The Incurables by Jon Bassoff

Faith and delusion aren’t that far apart, when you really think about it.

The setup of The Incurables, the latest offering from Jon Bassoff, is both incredibly straightforward and wonderfully disturbing.

In the early 1950s, after decades of treating patients and pioneering the transorbital lobotomy, aka the “icepick lobotomy,” Dr. Walter Freeman is put out to pasture by the board of directors of the facility where he works.

Seems they’ve finally realized Freeman’s method of “curing” patients suffering from mental illness—inserting an icepick into the corner of each eye socket, hammering it through the orbital bone with a small hammer, then moving it around in order to sever the connections of the prefrontal cortex— isn’t the most humane.

Crushed that his work is being cast aside for newfangled measures and meds, Freeman decides to take his show on the road, and absconds with his last patient in the process. Going from town to town, Freeman “preaches” the power of the transorbital lobotomy to cure what ails you, or a loved one. He uses his patient, Edgar, as living proof of the miraculous power of the pick.

All was going well until Freeman and Edgar rolled into Burnwood, Oklahoma, a town so collectively down on its luck and bereft of hope it seems the entire populous could use Freeman’s cure. Problem is, another preacher has already set up shop in Burnwood, a man named Stanton who’s offering salvation via his son, Durango, the new Messiah. Seems a little showdown of faith vs. science is the order of the day. Add to the mix a temptress in the form of a young, violent, seemingly conscienceless prostitute named Scent whose mother, Baby, is rumored to have a hidden fortune, and The Incurables has all the ingredients for high drama.

On the surface, The Incurables is an indictment of blind faith, in religion or science. It’s an unflinching examination of the reality that people, by nature, must have something to believe in, to look to, in order to keep putting one foot in front of the other, especially in places like Burnwood where conditions are achingly hollow and stunted. And ultimately, it doesn’t matter if their chosen talisman, science or faith, fails them, because a new self-delusion is always waiting just around the corner to take the place of the fallen—meet the new boss, same as the old boss.

Lurking just beneath the surface of The Incurables, however, is an equally scathing take on family, the ties that bind, and how that shapes us as people. Each of the main characters is dealing with, in fact driven by, a family member suffering from mental illness. Freeman’s wife has clearly been driven mad with grief over the untimely death of their son, and has piled alcoholism on top of that. And in a story he relays to the near-catatonic Edgar, it seems clear Freeman’s wife is not the first woman in his life who shaped him through her mental illness. In fact, Freeman’s entire immersion into the world of psychiatry has arguably been driven by the desire to help/cure the world as a penance for his inability to help/cure those closest to him.

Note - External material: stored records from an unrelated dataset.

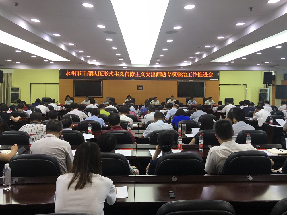 7月25日下午,全市干部队伍形式主义官僚主义突出问题专项整治工作推进会在冷水滩召开,深入学习贯彻习近平总书记关于反对形式主义官僚主义的重要论述、省委十一届八次全会有关精神,总结回顾前段工作,对专项整治工作再部署、再加压。市委书记严华在会上强调,要进一步坚定信心决心,同形式主义官僚主义作坚决斗争,彻底根除“病原体”,铲除新表现的滋生土壤,打好打赢集中整治形式主义官僚主义这场攻坚战、持久战,营造风清气正的政治生态。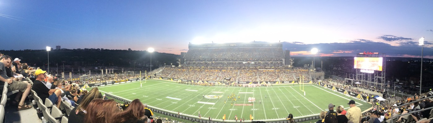 The beautiful Tim Hortons field, located in the heart of downtown Hamilton, provided a stunning skyline view on the South side coupled with a perfect sunset to the North. The open stadium was flooded with black and golds dressed fans and the food and drinks did not disappoint. This family-friendly event was fun for all ages-from 6-month-old infants to 90-year-old grandparents, the 2017 Home Opener was an atmosphere to experience.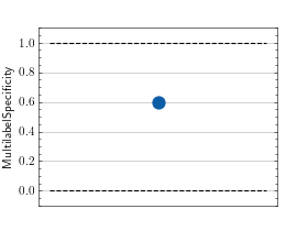 \[\text{Specificity} = \frac{\text{TN}}{\text{TN} + \text{FP}}\]Where \(\text{TN}\) and \(\text{FP}\) represent the number of true negatives and false positives respectively. The metric is only proper defined when \(\text{TN} + \text{FP} \neq 0\). If this case is encountered for any label, the metric for that label will be set to 0 and the overall metric may therefore be affected in turn.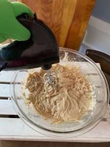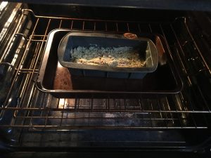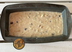 First, use either a non-sick loaf pan or light grease your pan. Preheat the oven to 325F.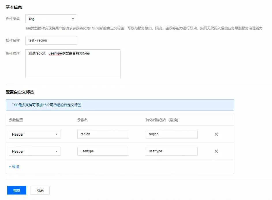 创建插件类型为 tag 类型插件,将请求参数中 Header 参数中的 region、usertype 设置为标签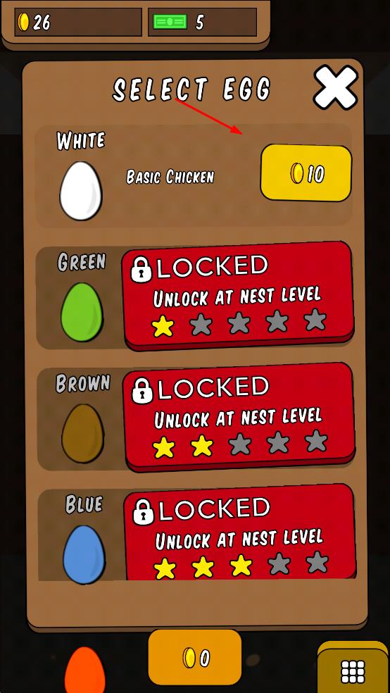 1、在選蛋界面選擇可解鎖的蛋如白色蛋,花費(fèi)10金幣解鎖基礎(chǔ)雞,綠色、棕色、藍(lán)色蛋需達(dá)到一定巢等級后解鎖。

Durango is similarly dealing with madness as a cornerstone of his existence, though in his father’s case it was guilt not grief that drove him over the edge into the abyss. And just as Freeman’s journey into psychiatry and the “miracle” of the transorbital lobotomy can be looked at as one of self-salvation, so too is Stanton’s crushing need for Durango to be the Messiah…and to absolve Stanton of his sins. Meanwhile, Baby’s slow and steady break from reality has left Scent in the position of having to both raise herself and to form a shell of armor around herself so thick it has distorted her view of everyone she comes into contact with and left her incapable of having a normal relationship—everyone is either a user or there to be used.

It’s not a pretty picture, and combined with the indictment of blind faith it makes for a rather oppressive atmosphere throughout. Make no mistake about it, The Incurables is the ultimate slow burn read. Bassoff layers the grief, despair and desperation on with a steady hand, exquisitely writing his characters into corners from which there is only one way out. And when he finally puts match to powder keg, the resulting thought-provoking, deeply disturbing explosion is one for the ages.

The Incurables is available from DarkFuse (ISBN: 978-1940544861).

Jon Bassoff was born in 1974 in New York City and currently lives in a ghost town somewhere in Colorado. His mountain gothic novel, Corrosion, was called “startlingly original and unsettling” by Tom Piccirilli, a four-time winner of the Bram Stoker Award, and won the DarkFuse Reader’s Choice Award for best novel. His surrealistic follow-up, Factory Town, was called “A hallucinatory descent into an urban hell” by Bram Stoker award-winning author Ramsey Campbell. Both novels have been adapted into films with Corrosion to be directed by Craig Viveiros.